Industry-dominated advisory group in the making?
Beyond securing transparency, the Commission’s bias towards big business interests must be challenged. An important test case might arise in the coming weeks. At the civil society dialogue in July, the Commission stated that it is looking into "the possibility of setting up a group of expert advisors, who would have access to more detailed information along the line of the current practice in the US". The Commission’s current habits however give reason to fear that this advisory group will be highly unbalanced. In the EU’s market access working groups, Commission officials and EU member state representatives sit together with corporate lobbyists to discuss regulations in overseas markets that stand in their way – and develop joint strategies to get rid of them. Industry praises these meetings as a way to make the Commission “adopt the company perspective” and “speak company language”. There is not a single non-business, civil society or trade union representative on these advisory groups. (See section 3.2 in our report Trade Invaders).
The Commission’s reference to “current practice in the US” is also not exactly comforting. According to Craig Holman of Public Citizen, trade advisory panels in the US are “skewed heavily in favour of industry”. No less than “84 per cent of these ‘advisors’ exclusively represent corporations (including pharmaceutical giants like Abbott, agribusiness behemoths like Cargill, and private equity firms like Capital Partners) or industry associations”.2
The new Commission advisory group should clearly not be modeled after “the current practice in the US” nor after the EU’s market access groups. Considering what is at stake in the EU-US trade talks, it is time for a new, transparent and inclusive approach that fully involves environment, consumer and public health NGOs, trade unions and independent experts. Anything else would further undermine the credibility of the Commission as the EU’s voice in international trade negotiations.

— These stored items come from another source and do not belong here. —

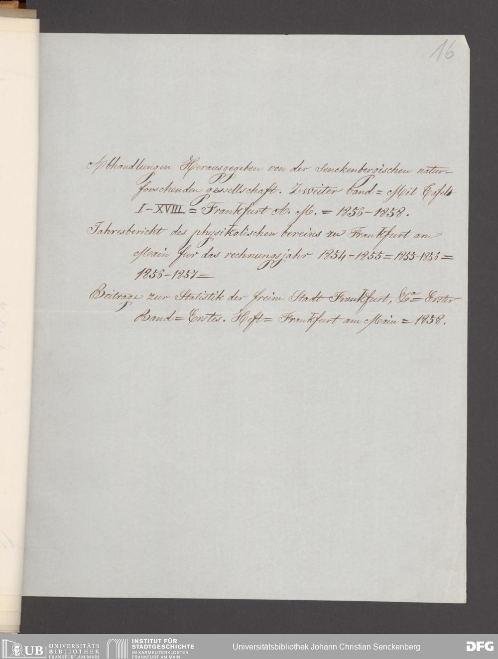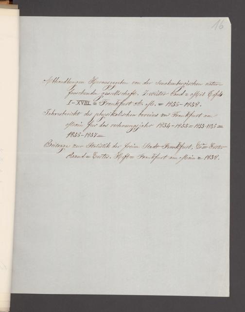 V176 Senckenberg Gesellschaft für Naturforschung, 17 - Korrespondenz über den Schriftentausch mit naturwissenschaftlichen Vereinigungen mit Ortsindex, Bd. 1
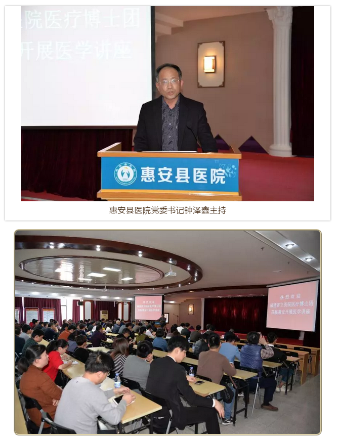 博士团应邀在惠安县医院举行医学讲座活动,魏世超教授、惠安县医院院长曾荣东出席活动并致辞,惠安县医院党委书记钟泽鑫主持,惠安县多家基层医院近200名同仁参加活动。
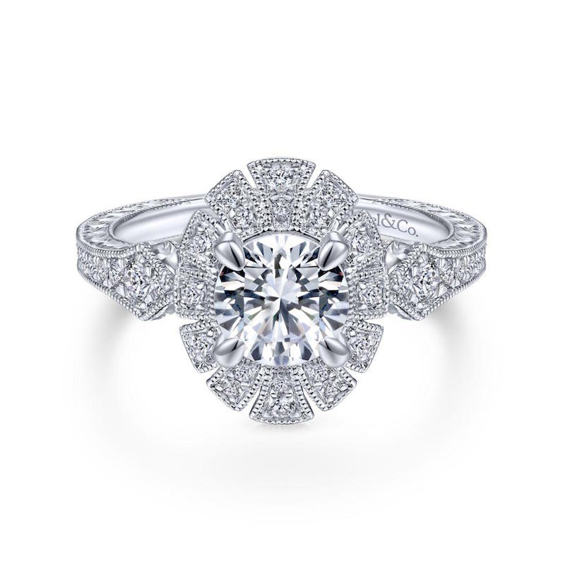 Gabriel & Co. 14k White Gold Art Deco Halo Engagement Ring
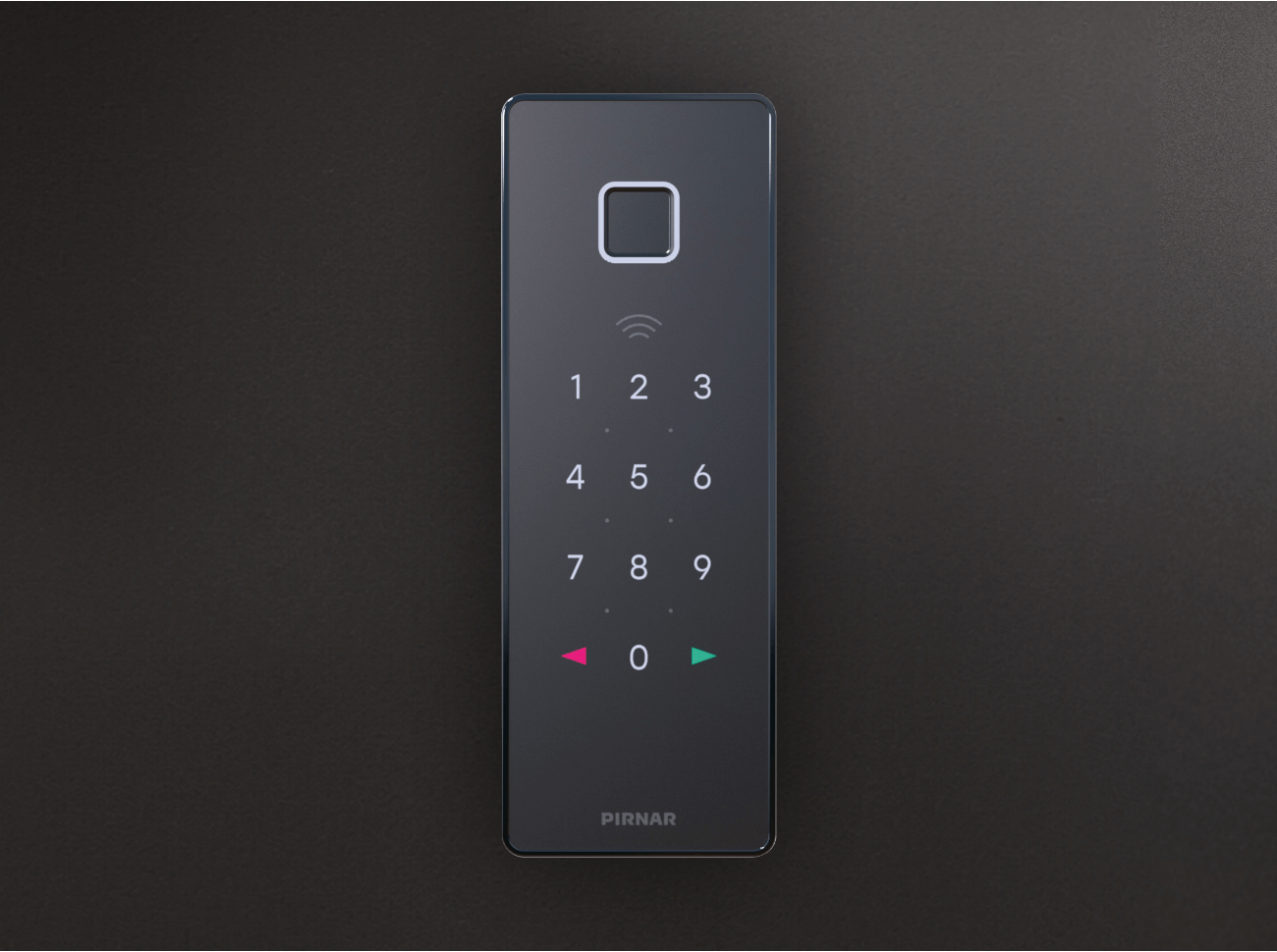 Das moderne Tastenfeld ermöglicht das Entriegeln mit verschiedenen PIN-Codes, die auf individuelle Bedürfnisse abgestimmt sind, sowie mit einer NFC-Karte. Es verfügt über einen integrierten Fingerscanner sowie eine kabellose Klingel – alles steuerbar über die Pirnar App.

- 1. Corporate Europe Observatory asked DG Trade to clarify whether "this is a complete list of DG Trade meetings with ALL stakeholders on the trade negotiations with the US, rather than only a list of meetings with business (excluding the Civil Society Dialogue and other general public consultations organised by DG Trade)?". DG Trade responded: "let me clarify that we have taken a more open rather than a restrictive approach to your request while identifying all the meetings that would fall under your request." http://www.asktheeu.org/en/request/dg_trade_contacts_with_industry
- 2. Email correspondence with Craig Holman, who added that “by contrast, non-governmental organizations (NGOs), think tanks and universities (of any political orientation) represent just 6 percent of the official advisors, while unions and governmental bodies both have a mere 5 per cent share. Furthermore, 86 per cent of the NGO, union and governmental advisors are cloistered into just five of the system’s committees. In nearly all of the trade advisory committees, no more than three advisors represent any nonbusiness interests. The Government Accountability Office reports that these nonbusiness representatives have ‘felt isolated within their own committee’.”